Would the Spot Rocker be suitable? Just reading about it today.








Rocker SS


Rocker 27.5+ occupies that sweet spot halfway between fat bikes and cross-country bikes. Whatever the season or trail, the Rocker SS 27.5+ is mountain biking rock-n-roll boiled down to its purest essence.




spotbikes.com


----------



## ocnLogan (Aug 15, 2018)

The Diamondback Sync’r comes in Carbon.

Not sure about actual 3.0in tire clearance, but afaik the 2.8’s should fit just fine.


----------



## Funoutside (Jul 17, 2019)

MattSPL said:


> Would the Spot Rocker be suitable? Just reading about it today.
> 
> 
> 
> ...


The Rocker sits between trail & xc. Hardtail Party has a good review of it.


----------



## MattSPL (Dec 28, 2021)

Funoutside said:


> The Rocker sits between trail & xc.

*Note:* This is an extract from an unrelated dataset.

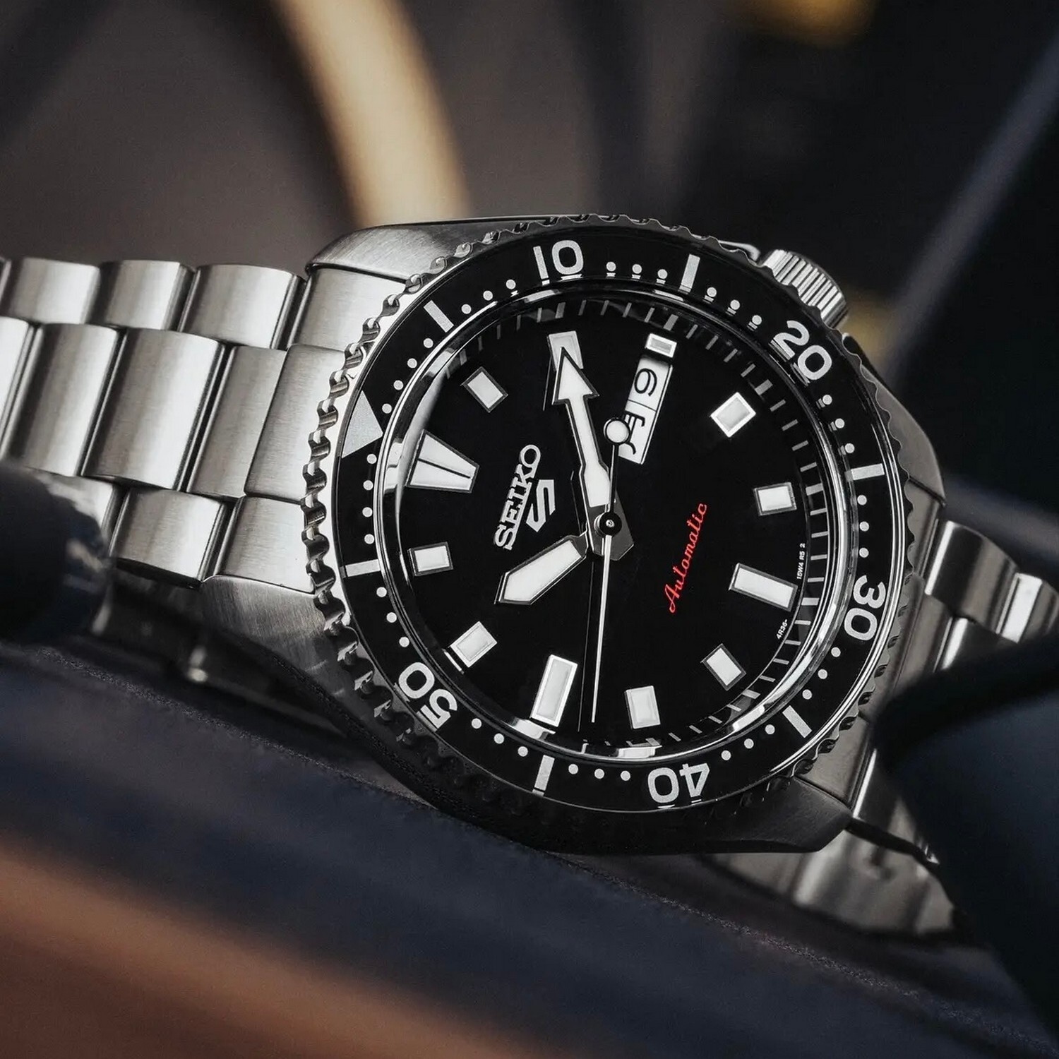 Механические часы с автоподзаводом и возможностью ручного завода. Калибр механизма 4R36 на 24 камнях. Частота 21 600 полуколебаний в час. Запас хода 41 час. Точность хода -25+35 секунд в сутки. Центральные часовая, минутная и секундная стрелки. Апертура даты и дня недели в позиции 3 часов. На стрелках и часовых метках покрытие LumiBrite. Черный циферблат. Круглый корпус выполнен из нержавеющей стали, однонаправленно вращающийся безель. Диаметр корпуса составляет 42,5 мм, толщина 13,9 мм. Заводная головка с защитой смещена в положение 4 часов. Стальной браслет шириной 22 мм, тройная раскладывающаяся застежка с фиксатором. Закаленное минеральное стекло Hardlex, устойчивое к мелким механическим повреждениям. Прозрачная задняя крышка. Водостойкость WR 100. Вес 187 г.

Hardtail Party has a good review of it.


It looks great, butthe top spec geared model would cost a fortune after shipping and taxes for me in Ireland.


----------



## mack_turtle (Jan 6, 2009)

Honest question: what's the difference between a 27.5"+ specific bike and a 29" bike?


----------



## numbnuts (Apr 20, 2006)

Zirkel said:


> Looking for a dedicated *27.5+* (NOT a 29 that accepts 27.5+) carbon hardtail *TRAIL* bike (NOT XC race bike). Built for/with a 140mm travel front shock. Will accept 2.8-3.0 wide tires.
> 
> Who makes this bike?
> 
> Thanks!


why not a 29 that can take 27.5 plus?


----------



## Oogie (Jun 9, 2021)

Big honzo CR


----------



## Oogie (Jun 9, 2021)

numbnuts said:


> why not a 29 that can take 27.5 plus?


I am also looking for a dedicated 27.5+ bike but probably not in carbon. The issue is that frames I see can clear 27.5x3 also clear 29x2.6 and are optimized for 29" tires and the bb is just too low for chunky desert exploring.


----------



## gdb85 (Mar 4, 2017)

Oogie said:


> Big honzo CR


Have one of these, put it together last March. Ran it as a 29er x 2.35 most of the year, felt good. Just put a -1 degree angle headset and a 27.5+ rear wheel/tire to slacken it a bit. I'll let ya know in May how it worked out...


----------



## o0STEREO0o (2 mo ago)

Zirkel said:


> Looking for a dedicated *27.5+* (NOT a 29 that accepts 27.5+) carbon hardtail *TRAIL* bike (NOT XC race bike). Built for/with a 140mm travel front shock. Will accept 2.8-3.0 wide tires.
> 
> Who makes this bike?
> 
> Thank





Zirkel said:


> Looking for a dedicated *27.5+* (NOT a 29 that accepts 27.5+) carbon hardtail *TRAIL* bike (NOT XC race bike). Built for/with a 140mm travel front shock. Will accept 2.8-3.0 wide tires.
> 
> Who makes this bike?
> 
> Thanks!


Kona Big Honzo DL always has good reviews and is good value for price.
I think the Specialized Fuse has 27.5+ model.


----------



## numbnuts (Apr 20, 2006)

o0STEREO0o said:


> Kona Big Honzo DL always has good reviews and is good value for price.
> I think the Specialized Fuse has 27.5+ model.


Spot rocker !!!!


----------